* INSTRUCTIONS FOR THE TASK
Leave out every picture, and return exactly the lines from the line containing "immediate emissions reductions." through the end of the records below, both inclusive.

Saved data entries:
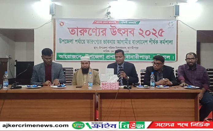 মো:নাঈম মোঘল বানারীপাড়া প্রতিনিধি:তারুণ্যের ভাবনায় আগামীর বাংলাদেশ শীর্ষক কর্মশালায় "এসো দেশ বদলাই,পৃথিবী বদলাই” এই প্রতিপাদ্যকে সামনে রেখে তারুণ্যের উৎসব ২০২৫ উদযাপন হয়েছে। মঙ্গলবার বেলা ৩ টায় বানারীপাড়া উপজেলা নির্বাহী কর্মকর্তা বায়েজিদুর রহমানের সভাপতিত্বে উপজেলা মিলনায়তনে কর্মশালায় বক্তৃতা করেন উপজেলা নির্বাহী কর্মকর্তা ও পৌর প্রশাসক বায়েজিদুর রহমান, বানারীপাড়া থানা ইনচার্জ মোহাম্মদ মোস্তফা, বানারীপাড়া উপজেলা স্বাস্থ্য কমপ্লেক্স এর মেডিকেল অফিসার ড.রোমান, উপজেলা এল.জি.ই.ডি প্রকৌশলী মো: আশিকুর রহমান,উপজেলা কৃষি কর্মকর্তা মোঃ মাহফুজুর রহমান, উপজেলা প্রাথমিক শিক্ষা কর্মকর্তা মো: রফিকুল ইসলাম সরদার, উপজেলা যুব উন্নয়ন কর্মকর্তা মো: রফিকুল ইসলাম তালুকদার, উপজেলা সমাজসেবা কর্মকর্তা পার্থ সারথি দেউরী সহ বিভিন্ন দপ্তরের সরকারি কর্মকর্তা ও বিভিন্ন স্কুলের শিক্ষার্থীর এসময় উপস্থিত বিভিন্ন ইউনিয়ন ও পৌর শহরের শিক্ষার্থীদের মধ্যে থেকে বিভিন্ন দলে বিভক্ত হয়ে তারুণ্যের ভাবনায় আগামীর বাংলাদেশ ” শীর্ষক প্রতিযোগি
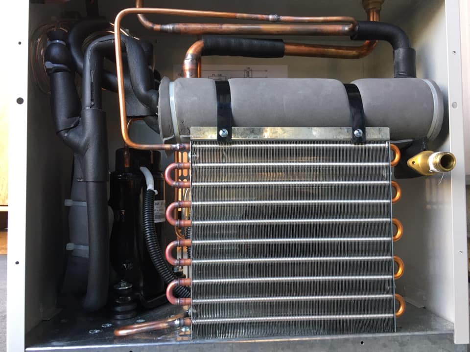 - 銅管的大小, 長度, 材質種類與型式設計不同; 入氣溫度越低的機型, 相同材質型式與尺寸的銅管數量會越少, 所以成本會越低. 有的可能會選用內螺紋增加接觸面積的海軍銅較高材質的銅管來增加熱交換量並減少尺寸數量.
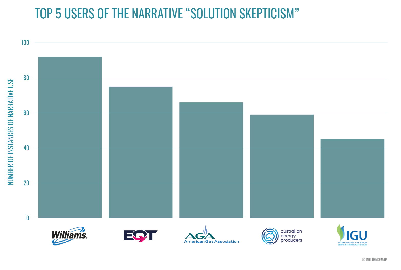 "Solution Skepticism" aims to downplay alternative energy sources or amplify the perceived challenges of transitioning away from fossil fuels. It includes arguments that portray fossil fuels—especially gas—as “clean” or “low carbon” or that emphasize greenhouse gas (GHG) emissions from renewable energy alternatives. The narrative also includes claims that cast doubt on the viability of a renewable-dominated energy system, that understate the level of support needed for such a transition, or that support future technological innovations over immediate emissions reductions.
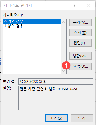 1. 시나리오 관리자 대화 상자에서 [요약]을 클릭합니다.
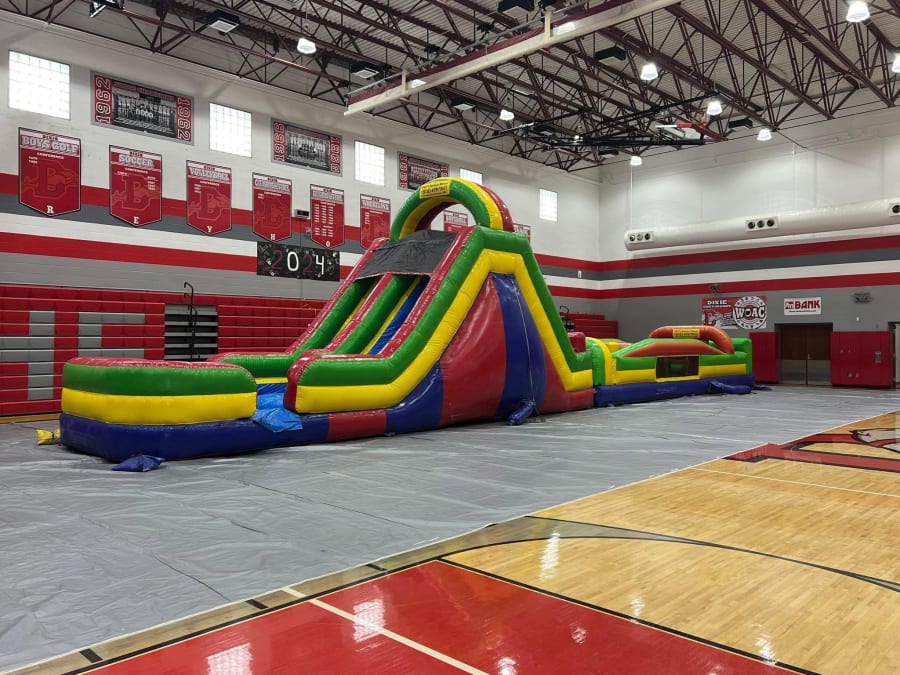 Kids will have a blast competing against each other then let them end the competition with a slide into the 18ft splash pool.

* RESULT
 "Solution Skepticism" aims to downplay alternative energy sources or amplify the perceived challenges of transitioning away from fossil fuels. It includes arguments that portray fossil fuels—especially gas—as “clean” or “low carbon” or that emphasize greenhouse gas (GHG) emissions from renewable energy alternatives. The narrative also includes claims that cast doubt on the viability of a renewable-dominated energy system, that understate the level of support needed for such a transition, or that support future technological innovations over immediate emissions reductions.
 1. 시나리오 관리자 대화 상자에서 [요약]을 클릭합니다.
 Kids will have a blast competing against each other then let them end the competition with a slide into the 18ft splash pool.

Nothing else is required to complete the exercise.